In the hierarchical tree structure, the root node at the top contains the coarse-grained information. By contrast, the leaf node at the bottom has fine-grained information. Different levels of precision result in different information weights, and different levels have different information weights. An imbalanced distribution dataset is built with classes containing more or fewer samples than others. The more similar the numbers of samples in each class, the more fair the classifier is. We consider hierarchical information entropy and the number of samples in each class as two cost-sensitive factors for balancing the gap between the majority classes and minority classes. The value of hierarchical information entropy at the h level can be denoted as ie_h and can be computed with the following equation:

$$ ie_{h} =\frac{1}{2}* L_{h}*\left( 1-\sum\limits_{j=1}^{k} {p_{h}^{j}}log_{2}{p_{h}^{j}}\right), $$

(4)

where L_h is the weight of the h-th level in the hierarchical tree structure, h is the height of the hierarchical tree. We set the level of the root node as L₀. Since L₀ is the root node of the hierarchical tree, the weight of level L₀ is set to 0. We set the weight to be the same as the number of levels. For example, the weight of level L₁ is set to 1. We can understand the process of calculating hierarchical information entropy on each level more easily by referring to Fig. 3.

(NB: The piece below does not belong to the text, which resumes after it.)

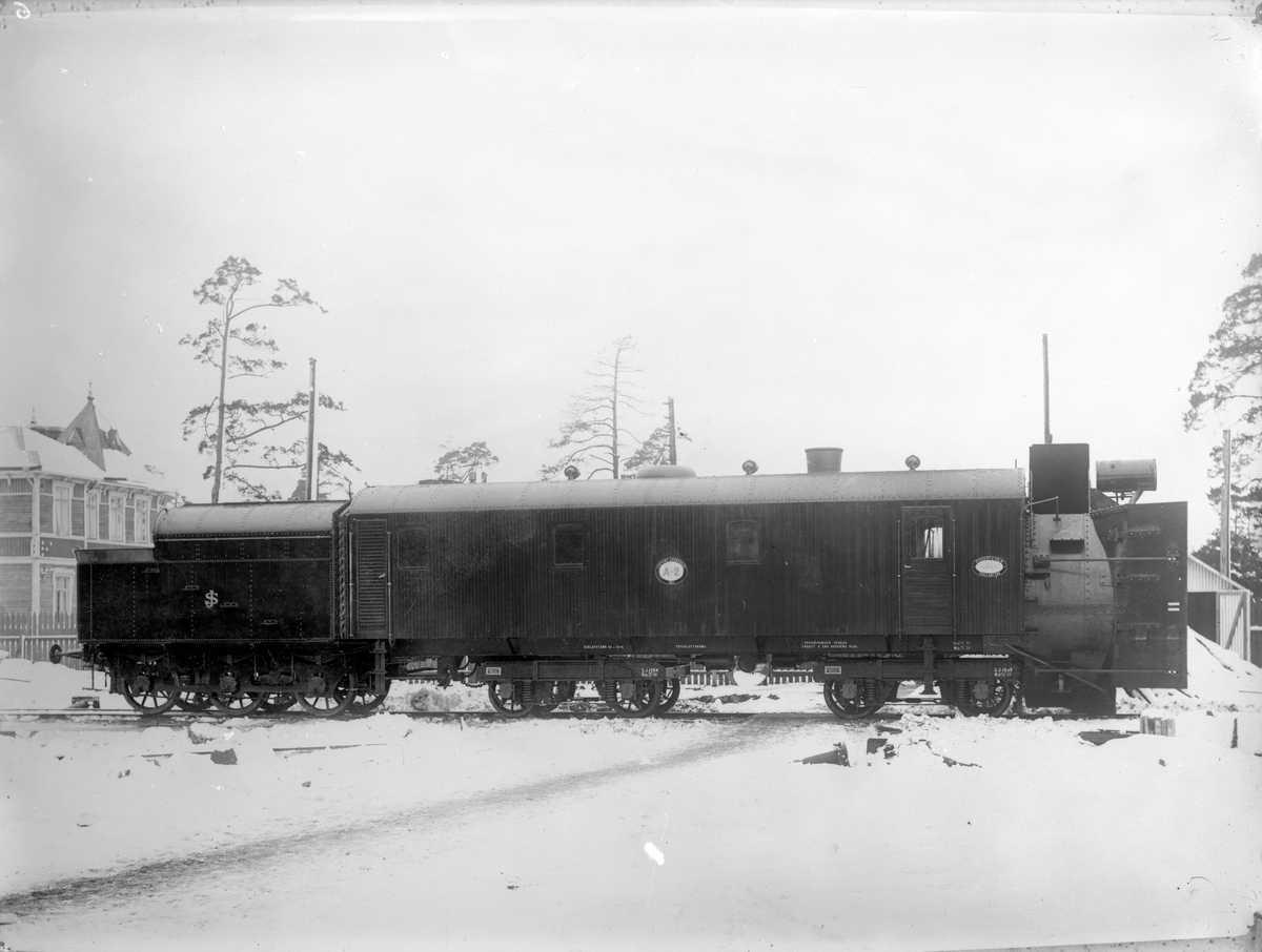 Statens Järnvägar, SJ snöslunga A2, sidovy. Bilden är tagen på Nydqvist & Holms område i samband med leveransen.

The differences between the majority and minority classes include the numbers of samples and the proportions of each child class. The majority classes have more child classes than the minority classes. We define parameter t^j as the proportion of child class of the i-th class. Similarly, we count the number of samples of the j-th class as parameter N^j. After comparing the threshold, we propose two cost weights to address the imbalanced distribution of datasets. We multiply ${p_{h}^{j}}$ by t^j to solve the imbalanced problem of child classes on the upper level if γ is greater than ie. We offer a cost weight if γ is less than ie. We consider ie_h and N^j as a cost weight for balancing the sample gap between the majority and minority classes. We take the square root of N^j as a factor to avoid an extremely imbalanced distribution of sample numbers. We define parameter $p{c^{j}_{h}}$ as the probability of the j-th class on the h-th level with a cost-sensitive weight. We compute $p{c^{j}_{h}}$ using the following equation:

$$ p{c^{j}_{h}}={p^{j}_{h}}*\frac{1}{(\sqrt{N^{j}}+ie_{h})}. $$

(5)

In summary, we use information entropy as the threshold in the hierarchical classification system. The cost-sensitive model will be used for measurement work if γ is greater than the threshold. The cost-sensitive model is based on the posterior probability and the proportion of classes. This process re-measures and confirms the advantage of the node with the maximum probability on this level. We use hierarchical information entropy and the number of samples in each class as a cost-sensitive weight. We find the square roots of these numbers to balance and reduce the gap between the majority and minority classes. The cost-sensitive algorithm supports the minority classes for higher costs and reduces the gap between the high and low levels if γ is less than the threshold.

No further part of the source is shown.